More on the design excellence of embassies after the break…
As this promotional video – featuring Thom Mayne, Jeanne Gang, Elizabeth Diller, Tod Williams and Billie Tsien, released by Bureau of Overseas Buildings Operations of the U.S. State Department - “Another Language of Diplomacy” describes, it is important to channel diplomatic principles into the architectural representation of United States and ensure a balance that speaks to the openness of the U.S. to diplomatic relations with foreign lands, while keeping security intact. The task of the architect becomes to use his or her voice to integrate the notions of purpose, function, flexibility, art, safety, security, sustainability, and maintainability in a conceptual framework that is a symbol for the country on foreign land.
As the recent attacks on the U.S. Embassy in Benghazi indicate, security should be developed as the top priority to protect the staff and visitors on foreign land. Yet diplomacy also requires trust, facilitated by openness and optimism on the part of negotiators. How can architecture accomplish both – delivering a sense generosity of diplomacy while ensuring protection?

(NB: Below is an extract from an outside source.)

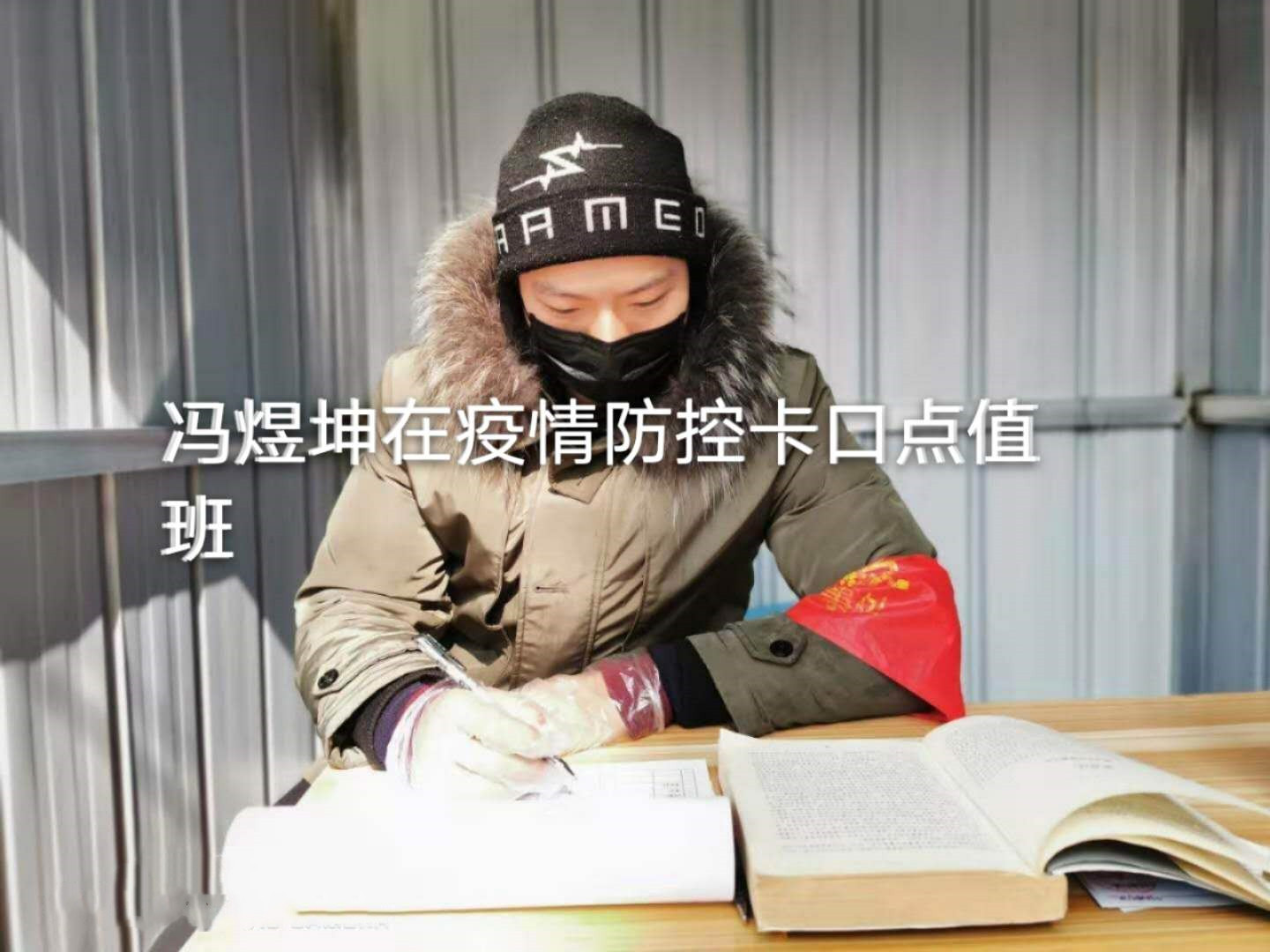 自2月11日以来,冯煜坤先后到当地防疫站、龙湖宾馆、龙湖佳苑、七一路等4个社区开展志愿服务,在参加志愿服务期间,全身心投入到疫情防控工作中,坚守抗疫一线。平日里除了给所服务社区的居民帮忙采购生活必需品之外,遇到需要帮助的其他人,冯煜坤也是一腔热情随时伸出援助之手,教大叔用共享电瓶车,帮孤寡老人提重物、换煤气等等,不辞辛劳,甘于奉献,用实际行动诠释着新时代的青春力量和责任担当,充分展现了新时代大学生的风采。
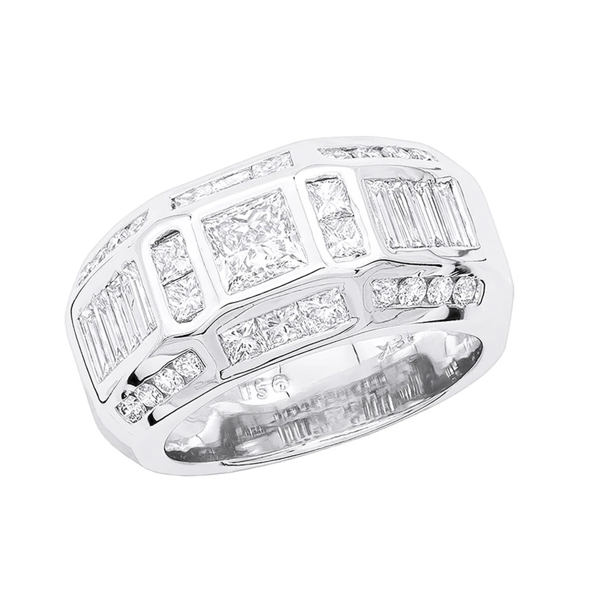 This Men’s Diamond Ring features 3.53 carats of round, princess & baguette diamonds. This men’s diamond ring is available in Platinum, 18k or 14k yellow, rose, white gold, various sizes, and can be customized with any color and quality diamonds. Please note: it will take us 3-5 business days to make this ring for you so please plan accordingly. Please contact us at 212-398-3123 if your size or desired option is not listed.

The Guidelines produced for the Design Excellence program of the Bureau of Overseas Building Operations provide a holistic approach to design, drawing upon expertise in many areas: project management, architecture, engineering, construction, security, urban design, landscape architecture, interior design, art, sustainability, maintenance, and operations. This collaboration guided by an architectural vision has the capacity to produce relevant, functional and lasting architecture that represents the U.S. government to the host nation while protecting the staff and visitors.
Building security expert Barbara Nadel, FAIA says that the implementation of the Design Excellence program “will produce a new generation of secure, sustainable, high-performance buildings that take into account life-cycle costs along the local context and conditions of each host country” according to an article by Sara Fernandez Cendon for the AIA.

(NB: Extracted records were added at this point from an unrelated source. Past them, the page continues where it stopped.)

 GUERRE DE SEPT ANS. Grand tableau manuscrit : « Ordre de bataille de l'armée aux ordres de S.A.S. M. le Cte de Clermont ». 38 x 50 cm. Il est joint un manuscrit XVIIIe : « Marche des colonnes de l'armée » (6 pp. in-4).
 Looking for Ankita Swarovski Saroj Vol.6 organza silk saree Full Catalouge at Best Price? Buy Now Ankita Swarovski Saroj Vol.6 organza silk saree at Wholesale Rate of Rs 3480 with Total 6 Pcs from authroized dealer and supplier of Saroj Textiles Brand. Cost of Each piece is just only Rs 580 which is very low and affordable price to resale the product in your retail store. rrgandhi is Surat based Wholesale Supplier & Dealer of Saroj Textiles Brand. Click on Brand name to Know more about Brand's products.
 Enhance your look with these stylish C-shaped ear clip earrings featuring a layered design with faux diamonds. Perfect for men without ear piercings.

According to the Design Excellence Program, one of the main components of the architectural aesthetic and representation is ensuring respect for the context of the building, and creating surrounding grounds that are not oppressive either to the citizens of the host nation or the workers within the embassy. It is a symbol of respect for the host nation, as well as for its own people.
The first projects to be constructed after the implementation of the Design Excellence program includes U.S. embassy in London designed by KieranTimberlake and the consulate in Guangzhou, China by SOM. Their respective designs are considerate of the guides in that the buildings are sited in urban contexts, fitting within and contributing to the existing fabric of the host cities. The work spaces are designed to provide high quality working environments with mental, environmental and social health in mind, while also providing secure facilities.
With the incorporation of the Design Excellence program, we may be well on our way to seeing U.S. Embassies as true places of negotiation that are both sensitive to the context and the environment, while spirited in its architectural representation of U.S. diplomacy with regard for the host nation.